Design/methodology/approach
We surveyed 670 consumers and estimate structural equation models and repeated-measures ANOVAs to determine how short passages employing alternate impression management tactics influence consumers’ perceptions, attitudes and purchase intentions.
Findings
Results reveal that each impressions management tactic (i.e. ingratiation, intimidation, organizational promotion, supplication and exemplification) influences consumer perceptions, attitudes and intentions. The authors compare differences in how the impressions management tactics influence each stage of the perception-attitude-intentions model and find evidence that initial differences in perceptions favoring ingratiation and exemplification appeals become magnified for purchase intentions.
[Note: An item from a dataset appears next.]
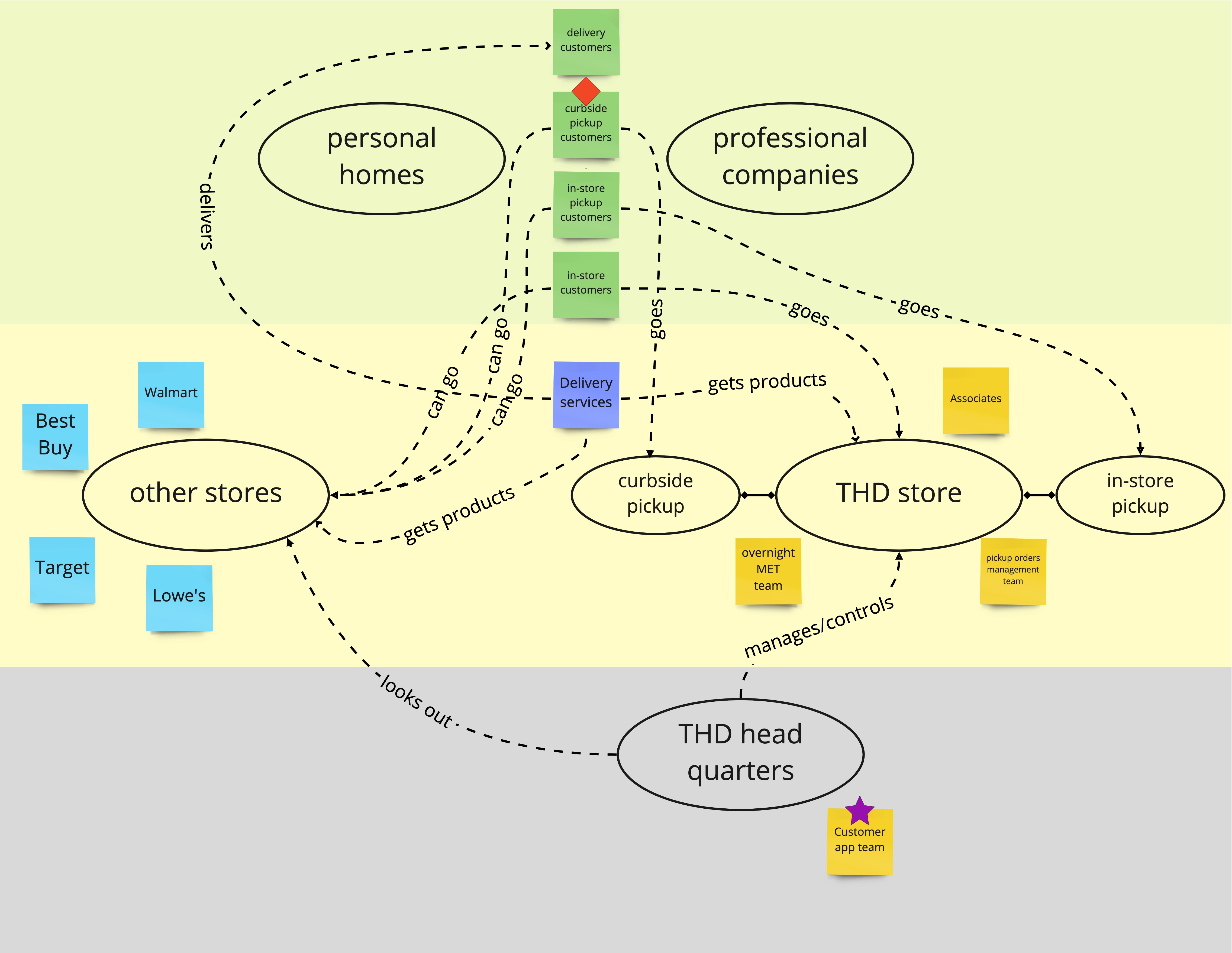 Including all possible stakeholders in our design process is essential to create the best suitable design for not just one part. Consequently, we illustrated our stakeholders, their locations, and their relations with each other in a stakeholder map that can be seen further down below. The main stakeholders were the delivery customers, the Home Depot associates, and the customer app team.
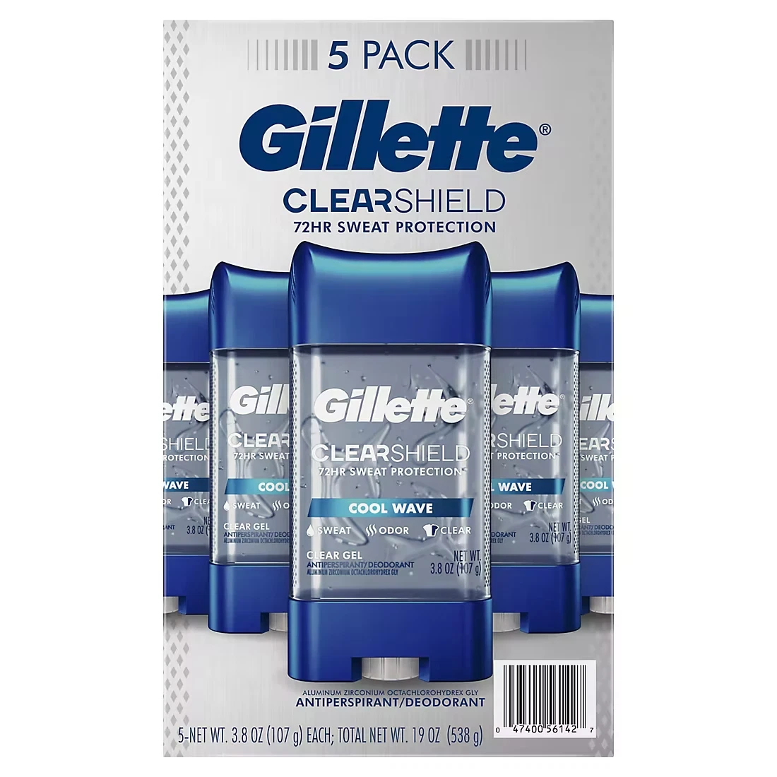 Gillette Deodorant - Clear Gel - Cool Wave - 3.8 Oz - 5 Pack

Research limitations/implications
Recent calls for research focus on an understanding of how consumers process information on reduced-content platforms of small-screened mobile devices. These results provide empirical evidence of the use of impression management and the difference between five impression management tactics on enhancing consumer perception-attitude-intentions model.
Practical implications
The results of this study will provide marketers with insights to optimize communications and corporate brands with consumers over mobile media.
Originality/value
This paper adds to the nascent yet vital literature on mobile marketing by focusing on how impression management tactics influence perceptions, attitudes and intentions through the short message characteristic of mobile platforms. The authors develop a framework for how corporate brand management can strategically use impressions management tactics in this novel domain.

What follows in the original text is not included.